··· Given entries

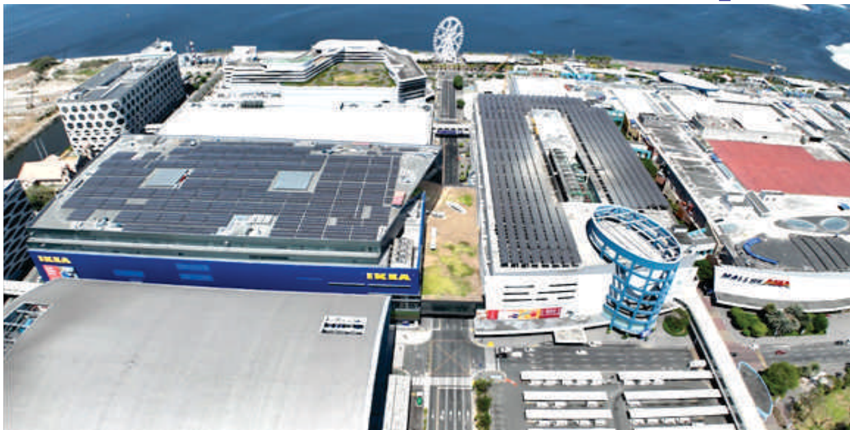
More than 3,600 solar panels were installed on the roof of MOA Square in the Mall of Asia Complex.
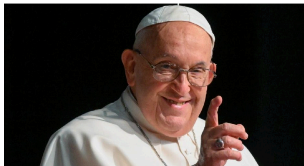
The Holy Father greeting the crowd

"Let us turn to her in spiritual union with the faithful gathered at the Shrine of Pompeii," he incited, "for the traditional Supplication to Our Lady of the Holy Rosary."
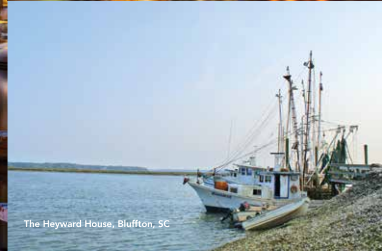
The Heyward House, Bluffton, SC
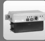
Oil Immersed Starters
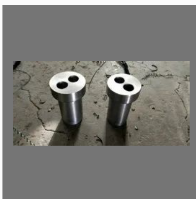
CNC Tool parts
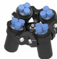
Cat. No. # LC01-L30-126 Capacity: 12 x 15 ml RCF: 3485 g
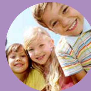
Stephen F. Austin Elementary
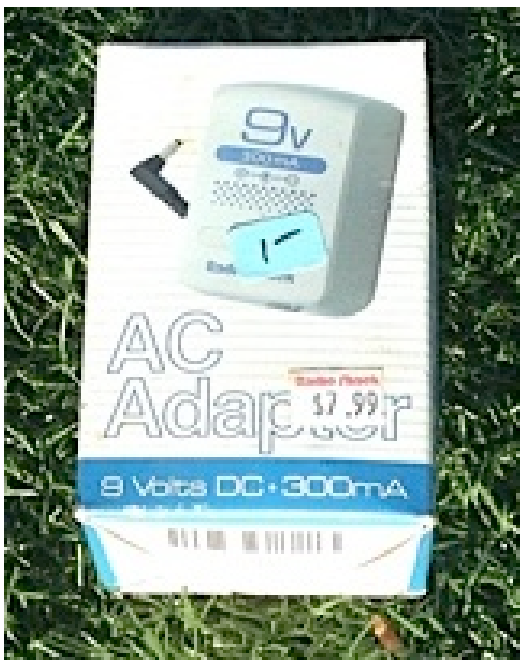
9 V DC Adapter, anonymous donor.
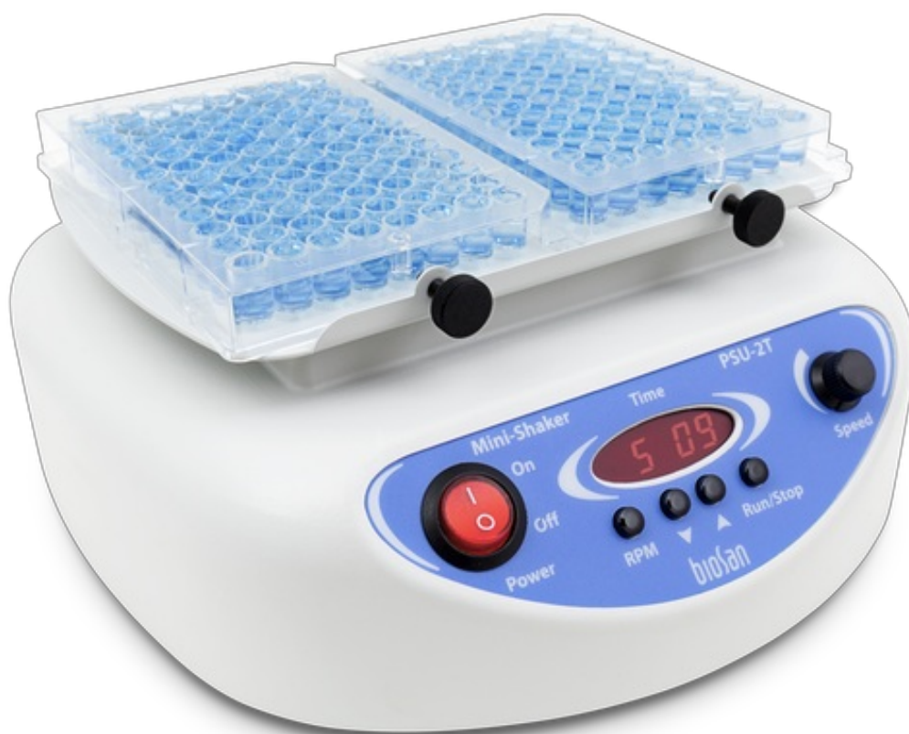
PSU-2T Including IPP-2 platform Mini-shaker for immunology

Mini-Shaker PSU-2T is designed for immunoassays and provides adjustable mixing of reagents in microplates. The device ensures smooth movement of the platform even at low speeds.
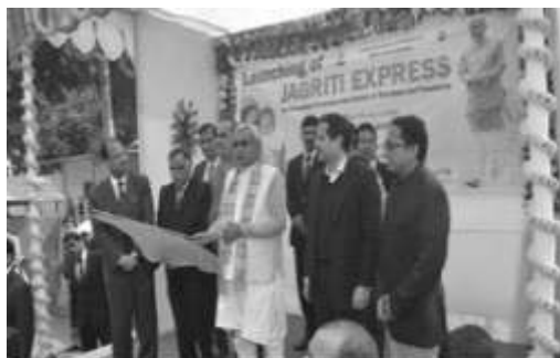
Launching of Jagriti Express - Community Awareness Vehicle
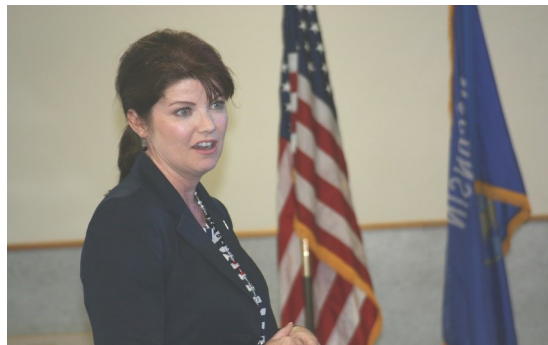
Lt. Gov. Rebecca Kleefisch addresses the assembly.

The Lt. Governor and Governor are very proud of the service and capability of the Wisconsin State Patrol.
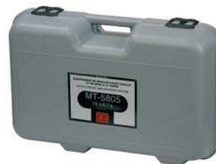
Plastic case included. M-78665
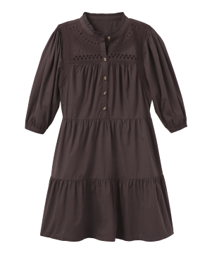
MIDNIGHT SKY DRESS $98 • 34124014D • XS-XXL
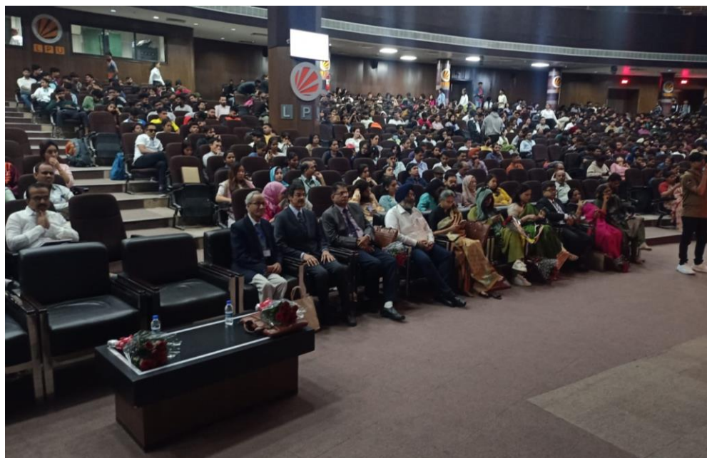
Assembling of the participants at Shanti Devi Memorial Auditorium
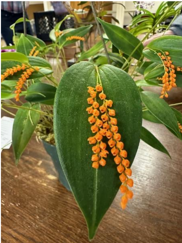
Pleurothallis truncata
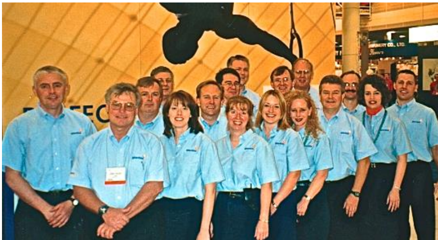
With Glanbia Ingredients Team at IFT
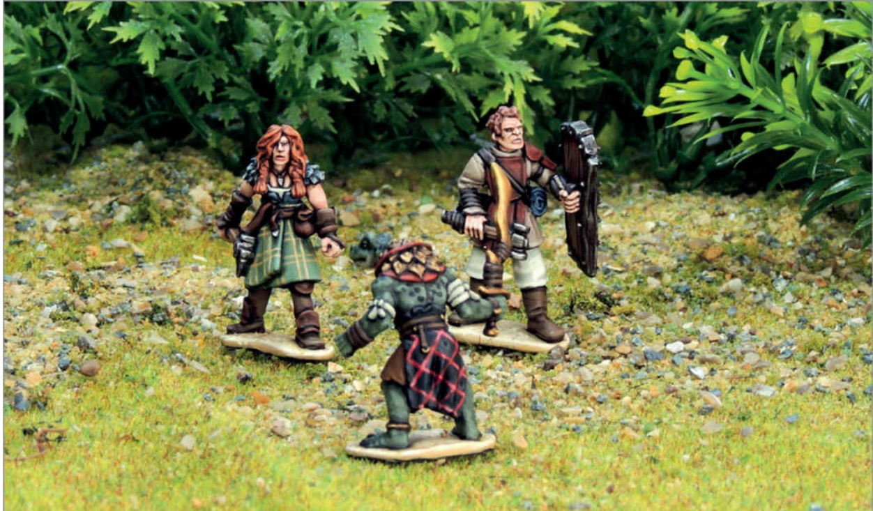
Lost Colossus Random Encounter Table
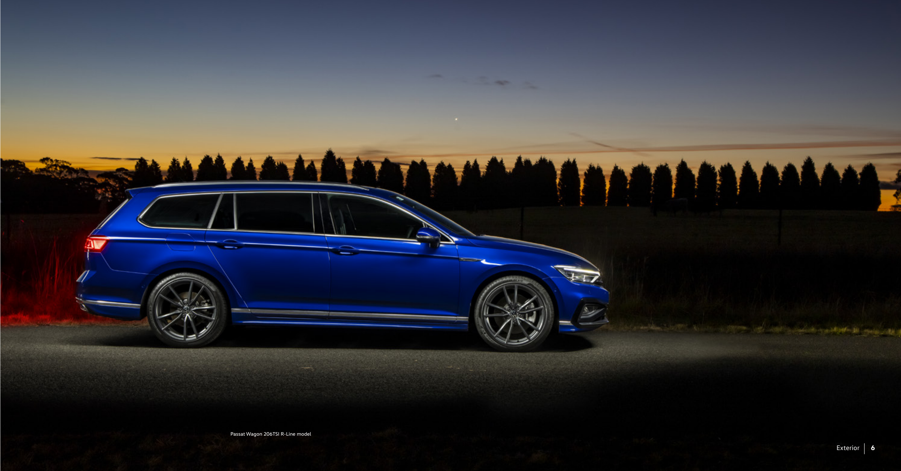
Passat Wagon 206TSI R-Line model
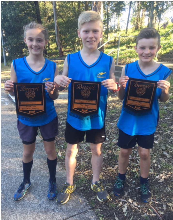
Zone Age Champions
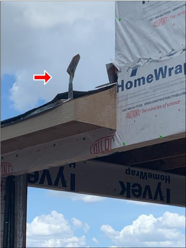
C. Item 1(Picture)

(2) Drip edge flashing is damaged at the rear porch corner

······

> Exercise aim
Working from the entries above, reproduce exactly and only the lines beginning with the line that has "Stephen F. Austin Elementary" and ending with the line that has "PSU-2T Including IPP-2"; omit all pictures.

> Solution to the problem
Stephen F. Austin Elementary
9 V DC Adapter, anonymous donor.
PSU-2T Including IPP-2 platform Mini-shaker for immunology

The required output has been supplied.